> [Dataset excerpt]:
^^^^

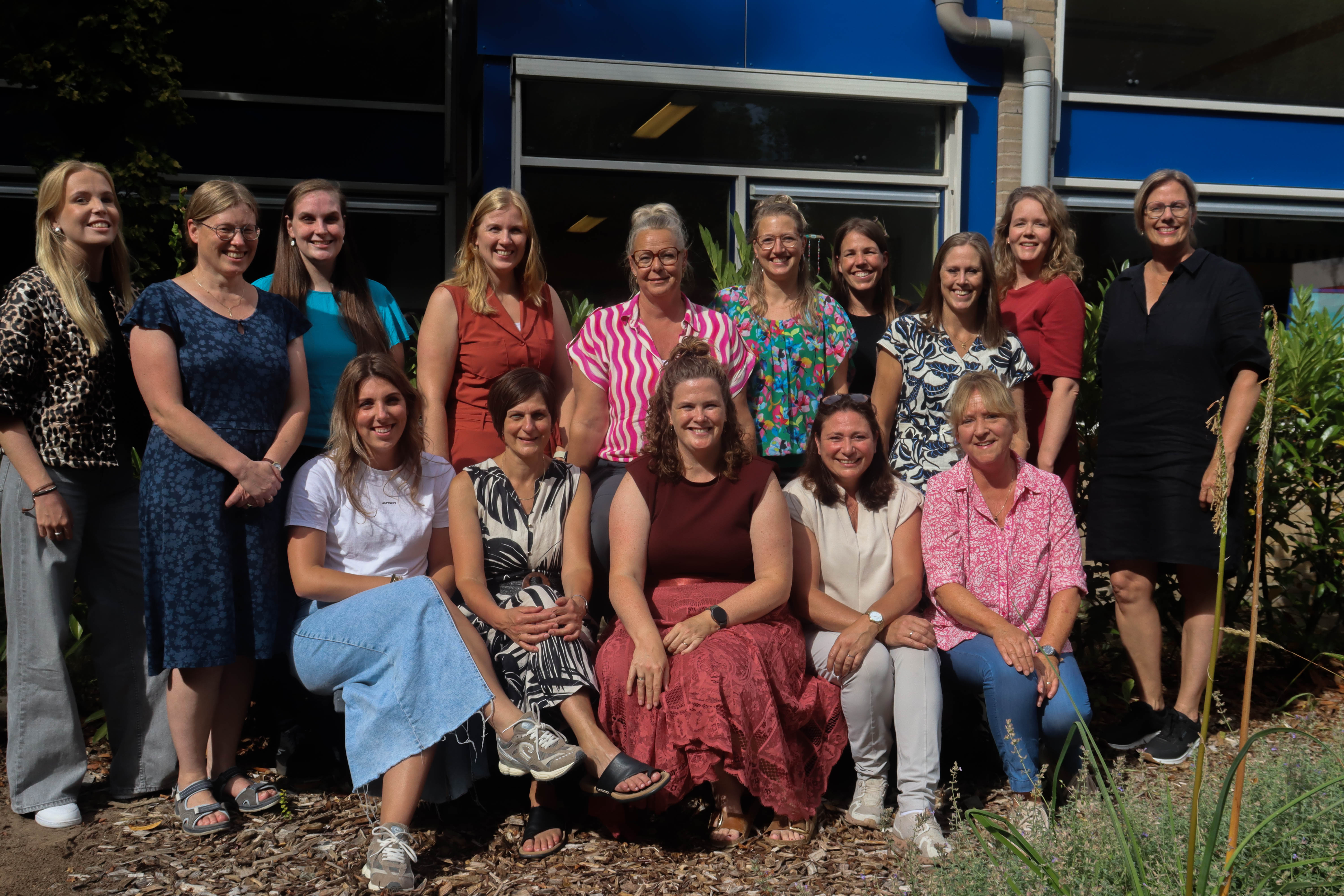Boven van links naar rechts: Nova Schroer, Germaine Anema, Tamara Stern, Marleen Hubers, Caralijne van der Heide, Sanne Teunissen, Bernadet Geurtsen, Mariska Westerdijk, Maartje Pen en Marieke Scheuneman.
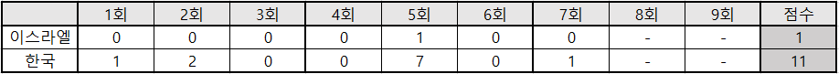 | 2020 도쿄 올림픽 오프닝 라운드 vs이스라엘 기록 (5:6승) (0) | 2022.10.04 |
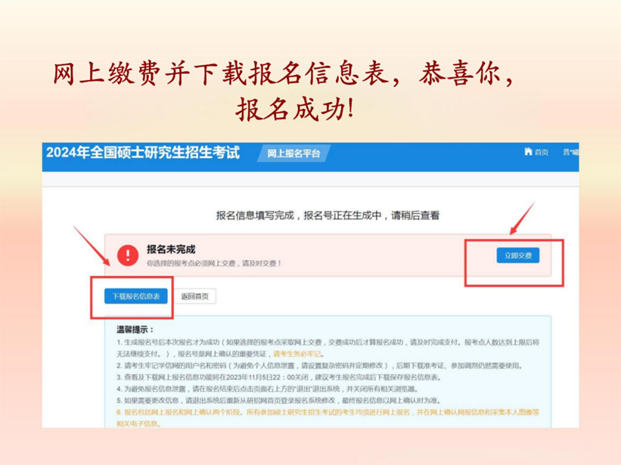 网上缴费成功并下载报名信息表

^^^^

> [Work instructions]: Without any pictures, please write out the lines from the one containing "(0) | 2022.10.04 |" through the final line of the data, exactly and inclusive of both ends.

> [Response area]:
 | 2020 도쿄 올림픽 오프닝 라운드 vs이스라엘 기록 (5:6승) (0) | 2022.10.04 |
 网上缴费成功并下载报名信息表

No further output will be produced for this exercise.